1. Edit individual section files directly
2. OR edit original, delete sharded folder, re-shard
3. Don't manually edit index.md

## Examples

### Example 1: Large PRD

**Scenario:** 15-epic project, PRD is 45k tokens

**Before Sharding:**

```
Every workflow loads entire 45k token PRD
Architecture workflow: 45k tokens
UX design workflow: 45k tokens
```

**After Sharding:**

```bash
/shard-doc
Source: docs/PRD.md
Destination: docs/prd/

Created:
  prd/index.md
  prd/overview.md (3k tokens)
  prd/functional-requirements.md (8k tokens)
  prd/non-functional-requirements.md (6k tokens)
  prd/user-personas.md (4k tokens)
  ...additional FR/NFR sections
```

**Result:**

```
Architecture workflow: Can load specific sections needed
UX design workflow: Can load specific sections needed
Significant token reduction for large requirement docs!
```

### Example 2: Sharding Epics File

**Scenario:** 8 epics with detailed stories, 35k tokens total

```bash
/shard-doc
Source: docs/bmm-epics.md
Destination: docs/epics/

Created:
  epics/index.md
  epics/epic-1.md
  epics/epic-2.md
  ...
  epics/epic-8.md
```

**Efficiency Gain:**

```
Working on Epic 5 stories:
  Old: Load all 8 epics (35k tokens)
  New: Load epic-5.md only (4k tokens)
  Savings: 88% reduction
```

### Example 3: Architecture Document

**Scenario:** Multi-layer system architecture, 28k tokens

```bash
/shard-doc
Source: docs/architecture.md
Destination: docs/architecture/

Created:
  architecture/index.md
  architecture/system-overview.md
  architecture/frontend-architecture.md
  architecture/backend-services.md
  architecture/data-layer.md
  architecture/infrastructure.md
  architecture/security-architecture.md
```

**Benefit:** Code-review workflow can reference specific architectural layers without loading entire architecture doc.

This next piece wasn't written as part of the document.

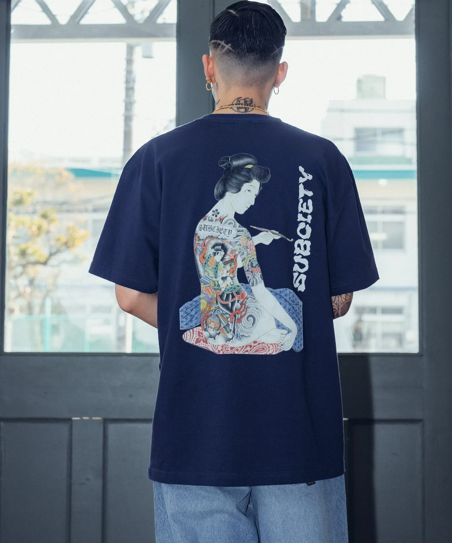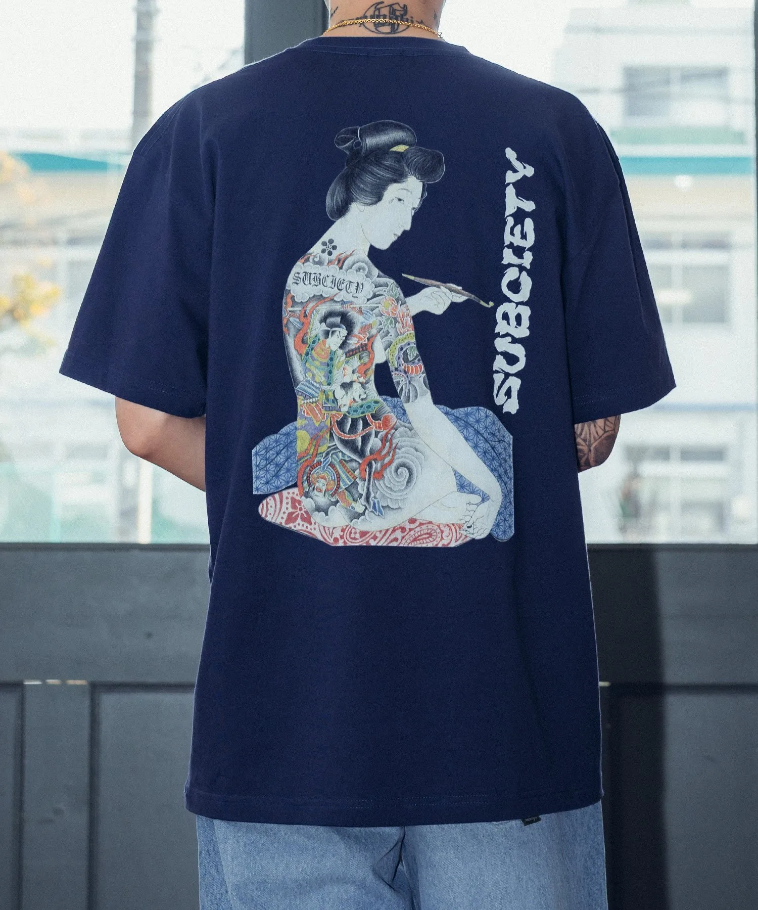 Футболка с принтом, в котором использован мотив укиё-э «Женщина после ванны» в интерпретации бренда.

## Custom Workflow Integration

### For Workflow Builders

When creating custom workflows that load large documents:

**1. Add input_file_patterns to workflow.yaml:**

```yaml
input_file_patterns:
  your_document:
    whole: '{output_folder}/*your-doc*.md'
    sharded: '{output_folder}/*your-doc*/index.md'
```

**2. Add discovery instructions to instructions.md:**

```markdown
## Document Discovery

1. Search for whole document: _your-doc_.md
2. Check for sharded version: _your-doc_/index.md
3. If sharded: Read index + ALL sections (or specific sections if selective load)
4. Priority: Whole document first
```

**3. Choose loading strategy:**

- **Full Load**: Read all sections when sharded
- **Selective Load**: Read only relevant sections (requires section identification logic)

### Pattern Templates

**Full Load Pattern:**

```xml
<action>Search for document: {output_folder}/*doc-name*.md</action>
<action>If not found, check for sharded: {output_folder}/*doc-name*/index.md</action>
<action if="sharded found">Read index.md to understand structure</action>
<action if="sharded found">Read ALL section files listed in index</action>
<action if="sharded found">Combine content as single document</action>
```

**Selective Load Pattern (with section ID):**

```xml
<action>Determine section needed (e.g., epic_num = 3)</action>
<action>Check for sharded version: {output_folder}/*doc-name*/index.md</action>
<action if="sharded found">Read ONLY the specific section file needed</action>
<action if="sharded found">Skip all other section files</action>
```

## Troubleshooting

### Common Issues

**Both whole and sharded exist:**

- Workflows will use whole document (priority rule)
- Delete or archive the one you don't want

**Index.md out of sync:**

- Delete sharded folder
- Re-run shard-doc on original

**Workflow can't find document:**

- Check file naming matches patterns (`*prd*.md`, `*epic*.md`, etc.)
- Verify index.md exists in sharded folder
- Check output_folder path in config

**Sections too granular:**

- Combine sections in original document
- Use fewer level 2 headings
- Re-shard

## Related Documentation

- [shard-doc Tool](../src/core/tools/shard-doc.xml) - Tool implementation
- [BMM Workflows Guide](../src/modules/bmm/workflows/README.md) - Workflow overview
- [Workflow Creation Guide](../src/modules/bmb/workflows/create-workflow/workflow-creation-guide.md) - Custom workflow patterns

---

**Document sharding is optional but powerful** - use it when efficiency matters for large projects!